Thomas Friedman is a three-time Pulitzer Prize winning journalist with the New York Times and author of the best-selling book about globalization, “The World Is Flat.” He recently introduced a new phrase to the English language: CONTINUOUS PARTIAL ATTENTION. This was explained as, “when you are on the Internet or cell phone or Blackberry while also watching TV, typing on your computer and answering a question from your child. That is, you are multitasking your way through the day, continuously devoting only partial attention to each act or person you encounter.”
The August/September, 2006, issue of “Scientific American MIND” included an article about how the brain decides on what to focus conscious attention.
A professor asked his class to watch a short video of two basketball teams and to count how many times the players in white T-shirts passed the ball. The students found that it wasn’t easy to keep their eyes on the moving ball, but most of them believed they counted correctly.
After the show, students were asked, “What did you think about the gorilla?” There was a shocked silence. He restarted the video, and after a few seconds a collective groan rippled through the room as the audience now realized that a person in an ape costume had walked right across the court, pausing in the middle to pound on his chest.

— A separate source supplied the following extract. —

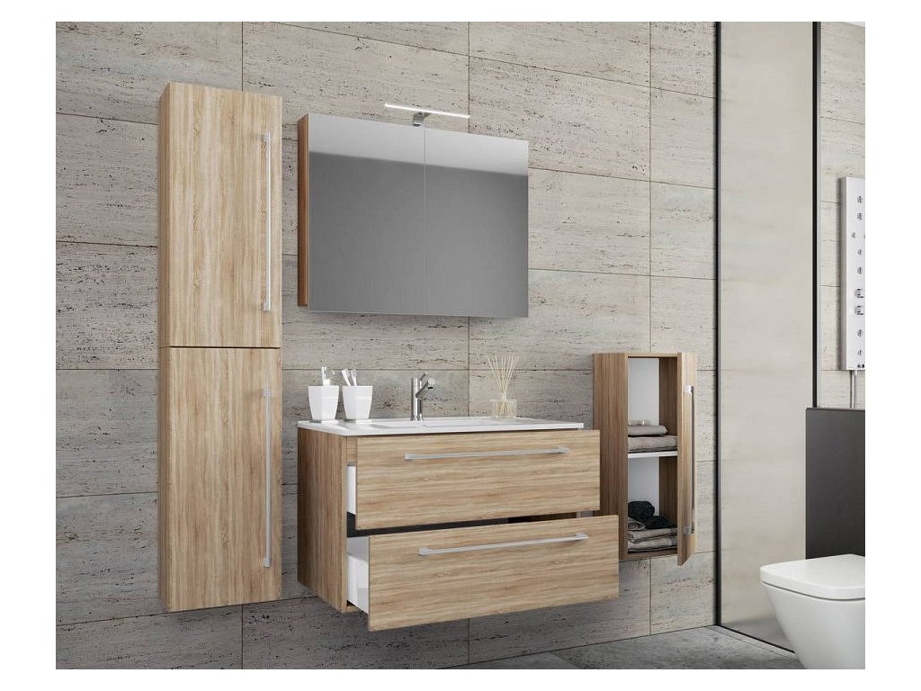 5dílná umyvadlová skříňka Badinos 2 zásuvky 80 cm se zrcadlem a střední/vysokou skříňkou, dub Sonoma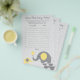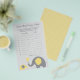 Use nosso jogo de elefantes amarelo e cinza chamado "adivinhem a canção do bebê" para jogar uma atividade divertida e interativa com seus convidados chás de fraldas. Faça uma lista de 10 músicas que exibam a palavra "bebê" e as toque para seus hóspedes e as faça adivinhar o título e o artista de cada música.

Psychologists Daniel J. Simons and Christopher F. Chabris showed this film at Harvard University for the first time in 1999. They were surprised by the results: Half of the observers missed the furry primate the first time they watched. How was that possible?
The answer was noted long before the experiment was conducted. William James, the father of American Psychology, wrote in his 1890 classic, “The Principles of Psychology,” that the capacity of consciousness is limited, which is the reason that we cannot pay attention to everything at once. Attention is selective. It impels consciousness to concentrate on certain stimuli to process them effectively.
So, when a person is watching TV or listening to the radio while studying, the multitasking splits the brain’s focus and lowers efficiency.
Perhaps you work with someone or know someone—such as a student—who could benefit by this awareness.